New	AI-19602	New OpenAPI specifications now support both request and response filtering. See OpenAPI specification and validation.
New	AI-19600	The usage analytics feature allows Airlock to collect license and usage analytics data to improve and optimize future product development. It is enabled and configured in Adminapp >> License and Usage Analytics
Improvement	AI-20274	To improve operating Airlock IAM, some log messages have been modified by changing their log level from `ERROR` to `FATAL`. The message content was not changed. See Loglevel FATAL.
Improvement	AI-19930	Failing to connect to external systems (Futurae service, SMS gateway, email server, RADIUS) from flow steps leads to an error step result that can now be handled using the On Failure Gotos flow step feature to continue the flow. See On-failure Goto (flow concept).
Improvement	AI-20189	Unavailable external systems (SMS gateway, Futurae server, email server, and RADIUS server) no longer count as failed factor attempts.
Improvement	AI-20275	In the LDAP Connection Pool plugin, the key store and trust store can now be configured separately.
Improvement	AI-19703	The LDAP filters configured in the Active Directory Connector and the LDAP Connector now correctly trim newlines and leading or trailing whitespace. Previously this was not done in some cases, especially not in Testlets.

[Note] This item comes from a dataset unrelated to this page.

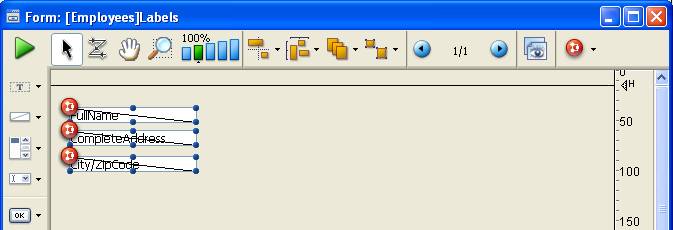 If the form size is set to "automatic" or relative to a specific object, its width is computed by adding the horizontal margin to the anchor's coordinates.Insert and set the objects making up each label. - Labels may contain fields and active objects (with which you can associate methods if desired), as well as graphic objects and static text. A subform cannot be printed in a label.

Improvement	AI-20287	The Airlock Gateway mapping templates for IAM now make use of the new Gateway 8.3 features Server-Side Request Forgery deny rule group and enable Overload Prevention. Note the new mapping templates for Gateway 8.3 and newer in Configuration of IAM mappings.
Improvement	AI-19334	The Airlock Gateway mapping templates for IAM now include deny rule exceptions for e-mail request parameters.
Improvement	AI-19809	The Airlock Gateway mapping templates for IAM have been improved: Request Rewrite > Host header translate is now set to `INHERIT` (was `DISABLED`).
Improvement	AI-20198	Existing lock objects in Redis are kept alive and extended by its owning IAM process. This prevents slow requests from losing their locks.
Bugfix	AI-19990	Fixed Use STARTTLS behavior in the SMTP Email Service plugin.
Bugfix	AI-19765	AD Connector and LDAP Connector: Role names that are invalid because they contain control characters are now logged.
Bugfix	AI-19954	Fixes a bug in the XML File Importer Task: avoid NullPointerException when processing empty commands.
Bugfix	AI-19665	Fixed error handling of User Sync Task plugin: The Continue On Errors flag is now respected by all types of errors, i.e., if checked the task does not fail for all types of errors.
Bugfix	AI-20582	Updated Airlock IAM—Microgateway Helm Chart: We have added support for Microgateway 4.5. The chart released with IAM 8.4 is now compatible with Airlock Microgateway versions from 4.3 to 4.5. Use the parameter `.Values.global.microgatewayVersion` to enable compatibility for the respective version of Airlock Microgateway. Fixed a bug where the predefined Deny Rule Exceptions were too permissive for HTTP Methods.
Bugfix	AI-20697	Fixed a bug in the Swissphone SMS Gateway testlet.